Anisotropy of magnetic susceptibility (AMS) analysis of basalt dikes at Cathedral Cliffs, WY: implications for Heart Mountain faulting

Mafic dikes pervade the upper plate of the Heart Mountain Detachment (HMD), yet the dike concentration in the lower plate is sparse. Previous workers interpreted that these dikes were emplaced either coeval with or subsequent to the emplacement of the upper plate. The magnetic fabrics of 32 mafic dikes at Cathedral Cliffs were analyzed using low-field anisotropy of magnetic susceptibility (AMS) as a proxy for flow. These dikes intrude Ordovician-Mississippian carbonate and overlying Eocene volcanic rocks and are truncated along the nearly horizontal HMD. The dikes trend between N10 degrees W and N20 degrees E, are all steeply dipping, and range in width between 0.5 and 3 m. Flow directions for the dikes were determined by the bearing and plunge of the K-max (maximum principal susceptibility) axes relative to the dike orientation. About 66% of the dikes sampled show typical dike AMS patterns with K-max and K-int in the plane of the dike and K-min normal to the dike plane. About 66% of the dikes sampled have K-max inclinations > 45 degrees and thus were emplaced upward; 16% of the dikes have K-max inclinations of < 10 degrees and thus were emplaced laterally. The remaining dikes have intermediate K-max inclinations.

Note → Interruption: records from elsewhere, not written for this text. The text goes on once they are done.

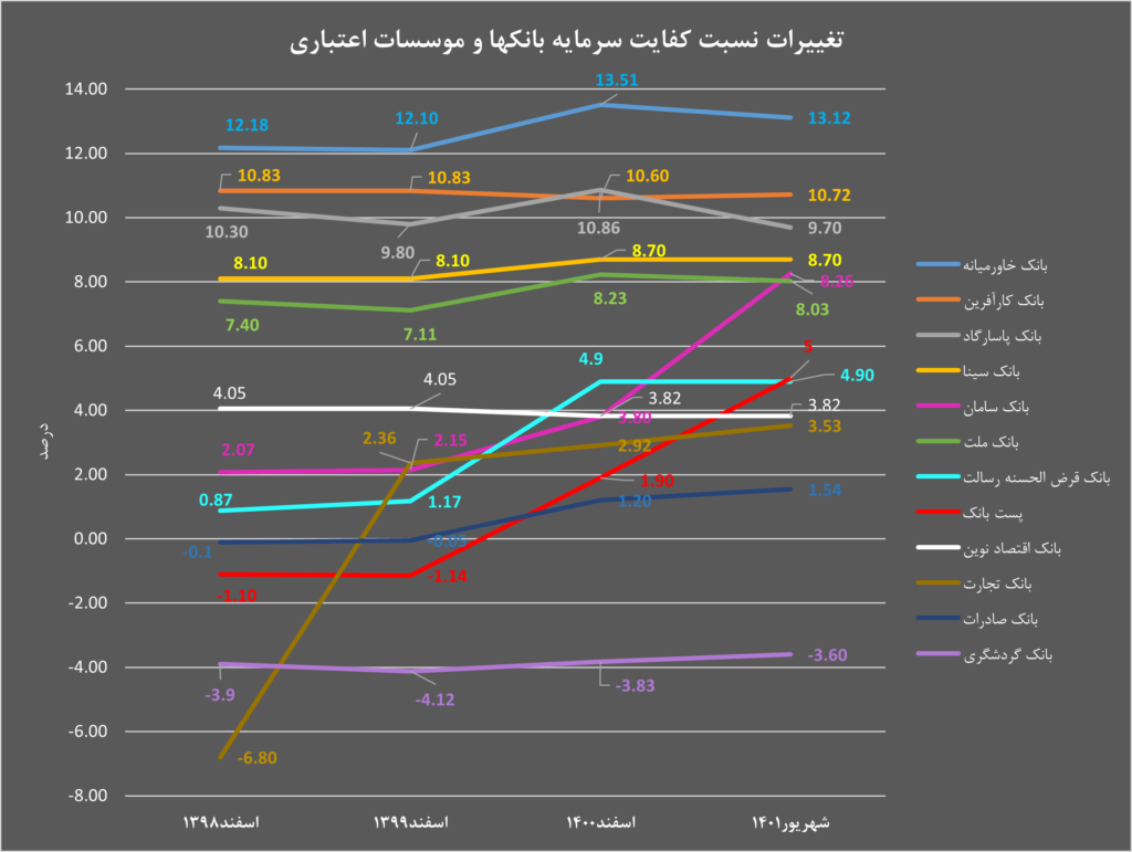 البته بانکهای قرض الحسنه رسالت، پست بانک، تجارت و صادرات طی سالهای اخیر نسبت کفایت سرمایه خود را بهبود بخشیدند. این نرخ برای بانک رسالت در پایان سال 98 کمتر از یک درصد بود که بر اساس آخرین نرخ اعلامی این نسبت به 4,9 درصد ارتقا یافته است. بانک تجارت که در پایان سال 98 نرخ کفایت سرمایه منفی 6،8 درصد داشت اکنون به نسبت کفایت سرمایه 3،53 درصد دست یافته است. بانک صادرات نیز در پایان سال 1399 نسبت کفایت سرمایه منفی 5 صدم درصدی داشت که در سال جاری موفق شد این نسبت را به 1،54 درصد بهبود بخشد.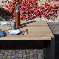 It has its origins in the Italian countryside in line with popular tradition and with the same solidity it splendidly reflects the panorama of contemporary architecture. Majestic and elegant, PANCO represents a sincere and generous convivial atmosphere. The tabletop is made of warm and resistant antique-finish Iroko wood. It has steel legs and a cut-out in its sides that conveys lightness and dynamic appeal. The bench, made of the same materials, complements the festive atmosphere and can be concealed under the table. In the company of your family or friends, harmony is achieved.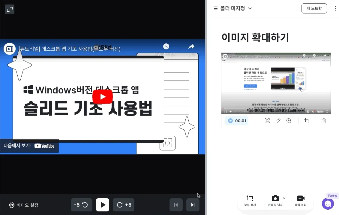 영상 화면과 노트 화면 사이에 있는 회색 선을 클릭하고 움직이면 분할 화면 비율을 조절할 수 있어요.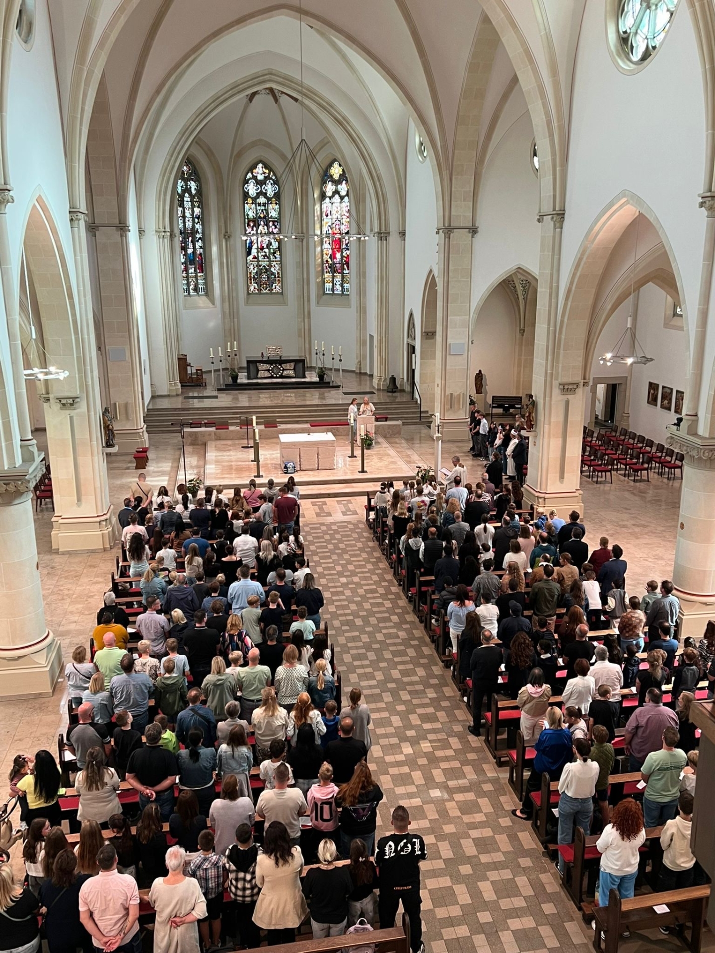 Le 7.8.23, les nouveaux élèves de 5e année ont fait leur rentrée au WvSG. Après une célébration œcuménique solennelle et un accueil dans l'Aula, les enfants des classes 5a-d ont entamé un programme de trois jours pour faire connaissance avec leurs nouveaux professeurs de classe.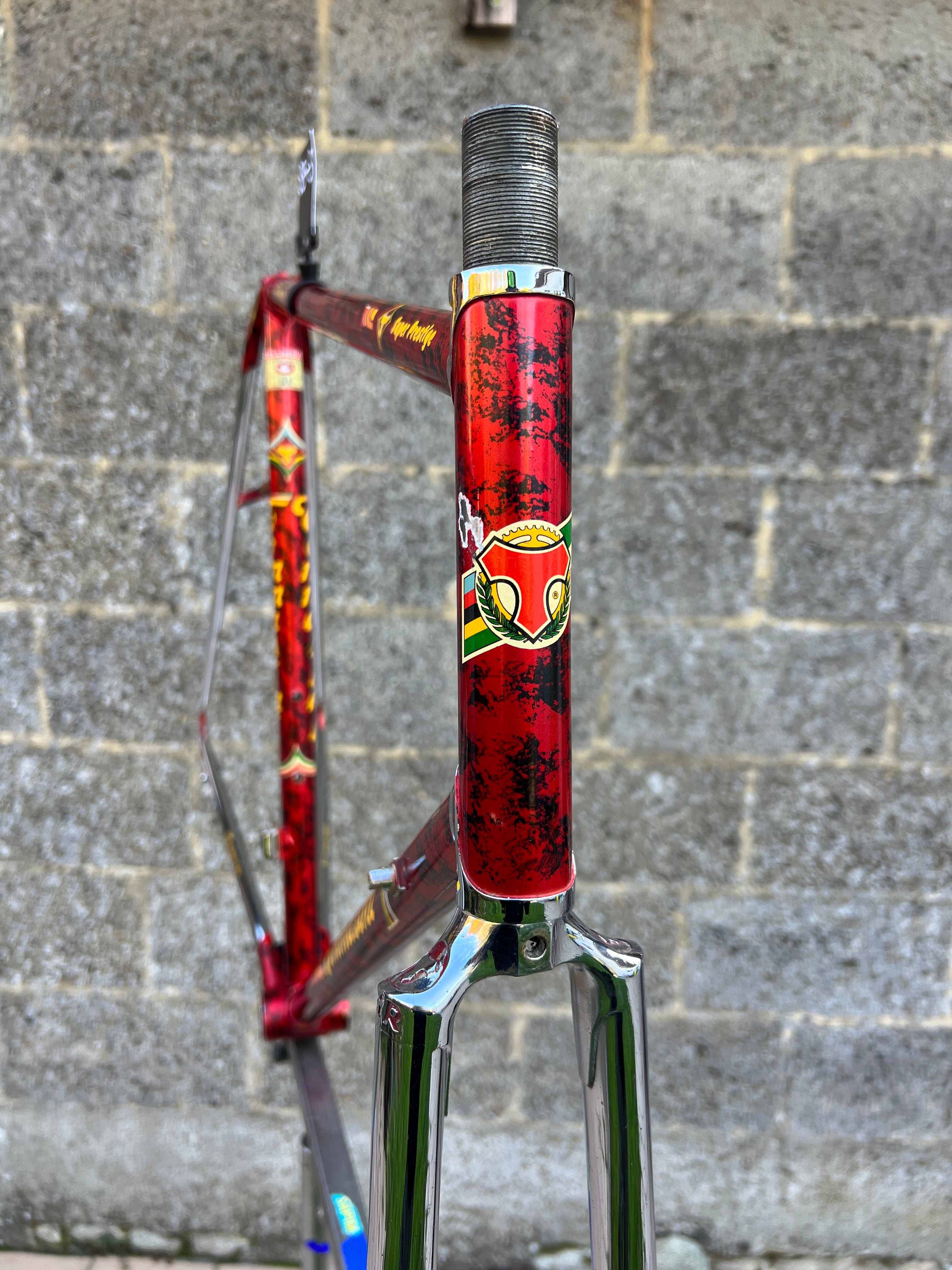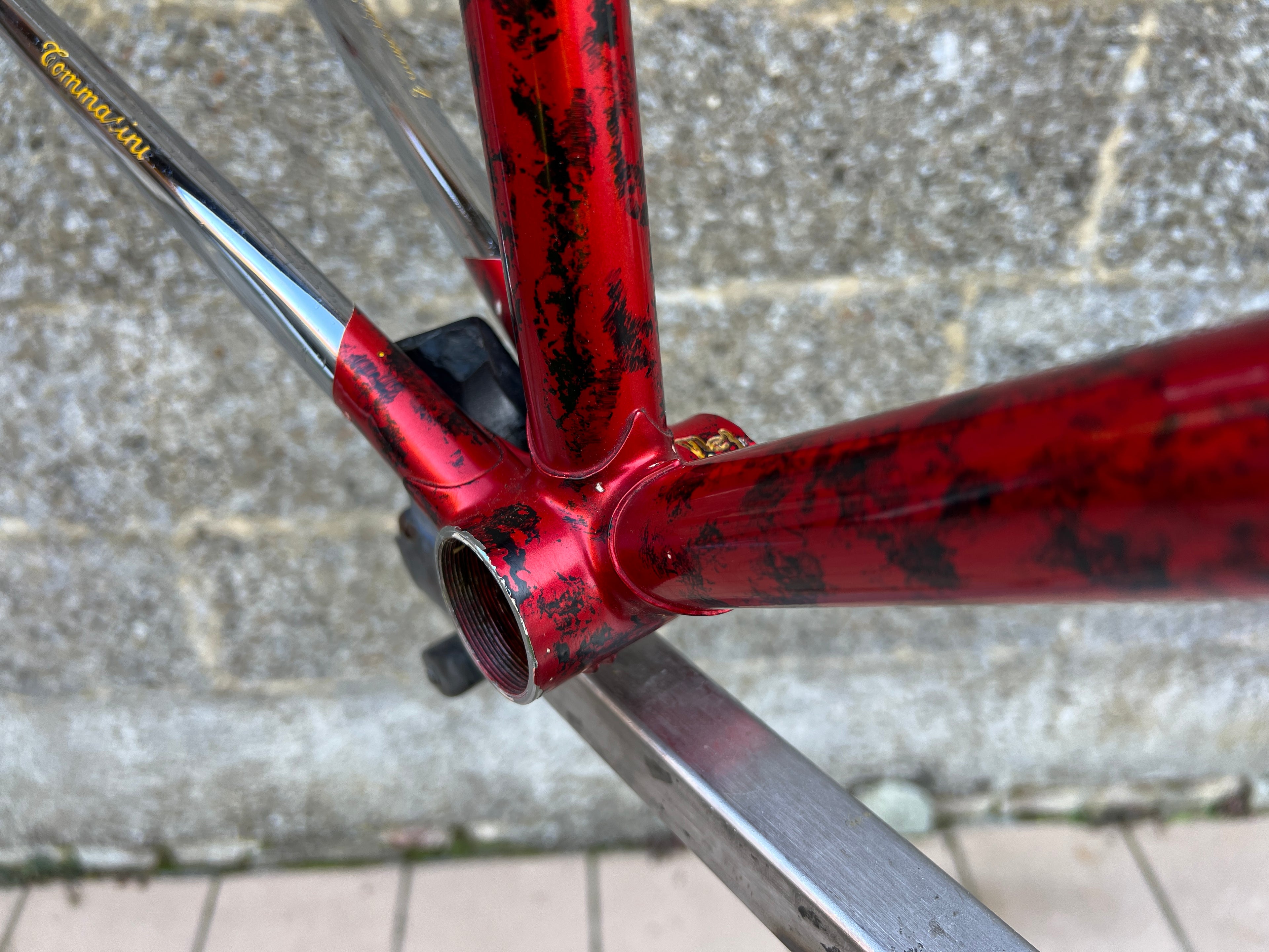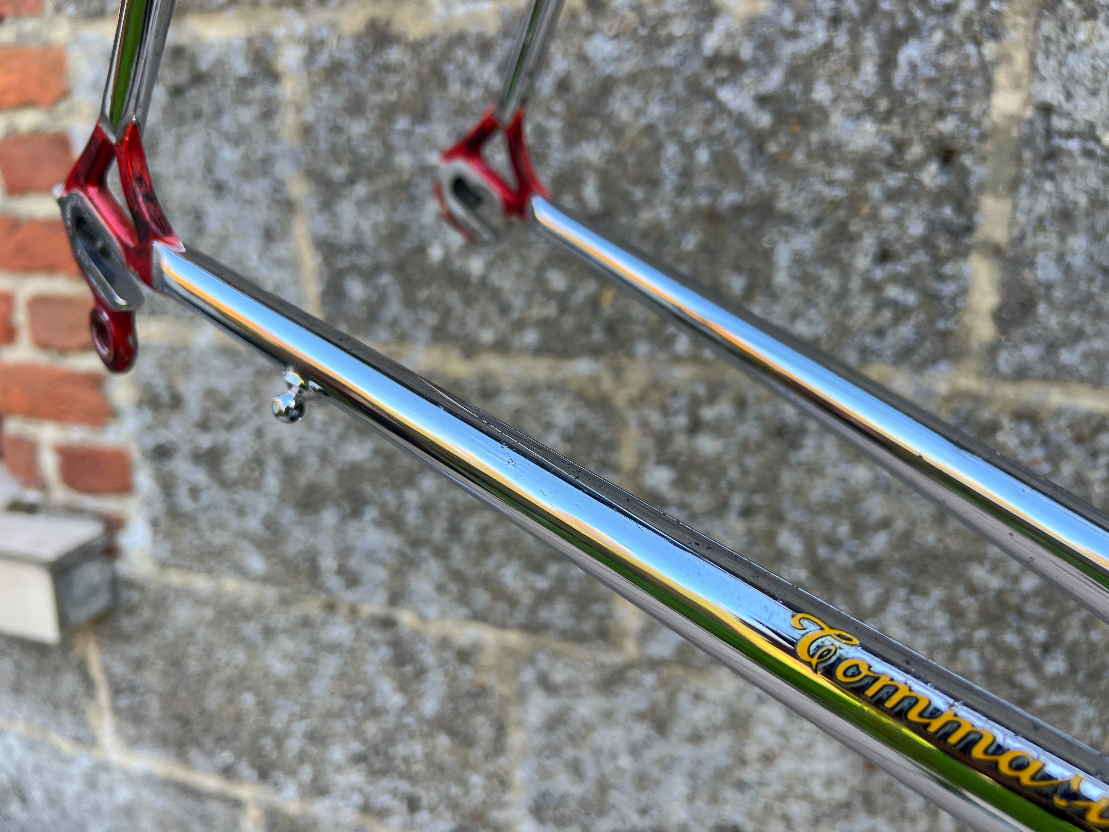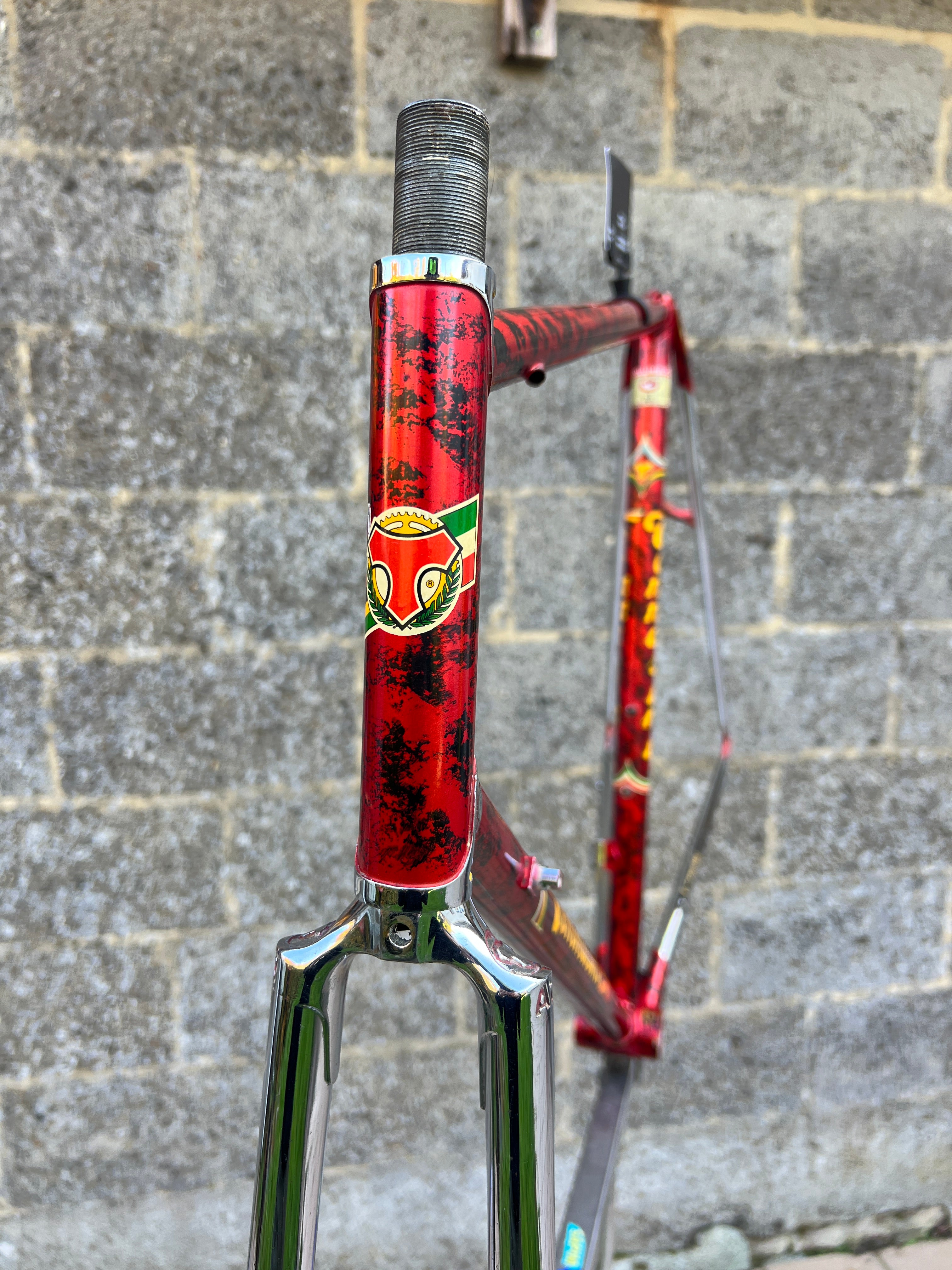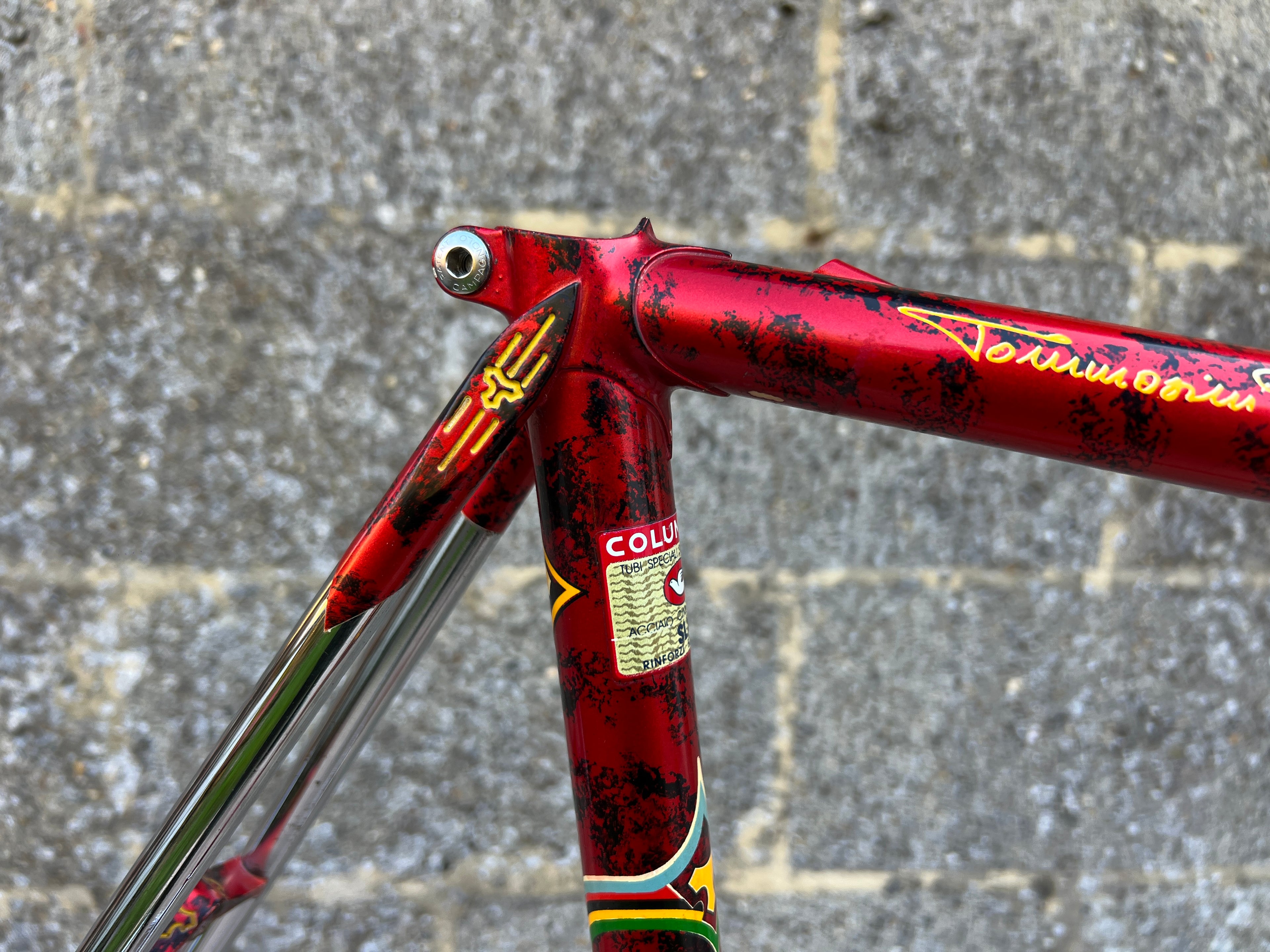Introduced in the mid 1980s, the Tommasini Super Prestige quickly became the brand’s flagship model and an icon among Italian steel racing frames. Like every Tommasini, it showcases exceptional attention to detail. Beautifully cut and hand-finished lugs, elegant engravings, and precise craftsmanship throughout. This Tommasini Super Prestige SLX is constructed from the legendary Columbus SLX tubing. Renowned for its performance, stiffness, and refined ride quality. The original paint is beautifully preserved, showing only a few small marks acquired over the years. The original chrome also remains in fine condition with minor imperfections that add to its authenticity and timeless charm. Every detail reflects Tommasini’s unwavering dedication to perfection. A true work of Italian art. A timeless piece of cycling history for the discerning collector or rider who appreciates the very finest in Italian framebuilding tradition. The perfect frameset to complete with Record, Super Record, C-Record, Chorus, or Athena groupsets.

With numerous dikes showing vertical to sub-vertical emplacement directions and with no magmatic source immediately below the detachment the dikes must predate emplacement of the upper plate. Therefore, upper plate dilation by dike intrusion could not be a driving force for protracted extension. Our date is consistent with a single catastrophic emplacement event, and inconsistent with an extensional allochthon model of incremental emplacement over long intervals of time. (c) 2005 Elsevier Ltd. All rights reserved.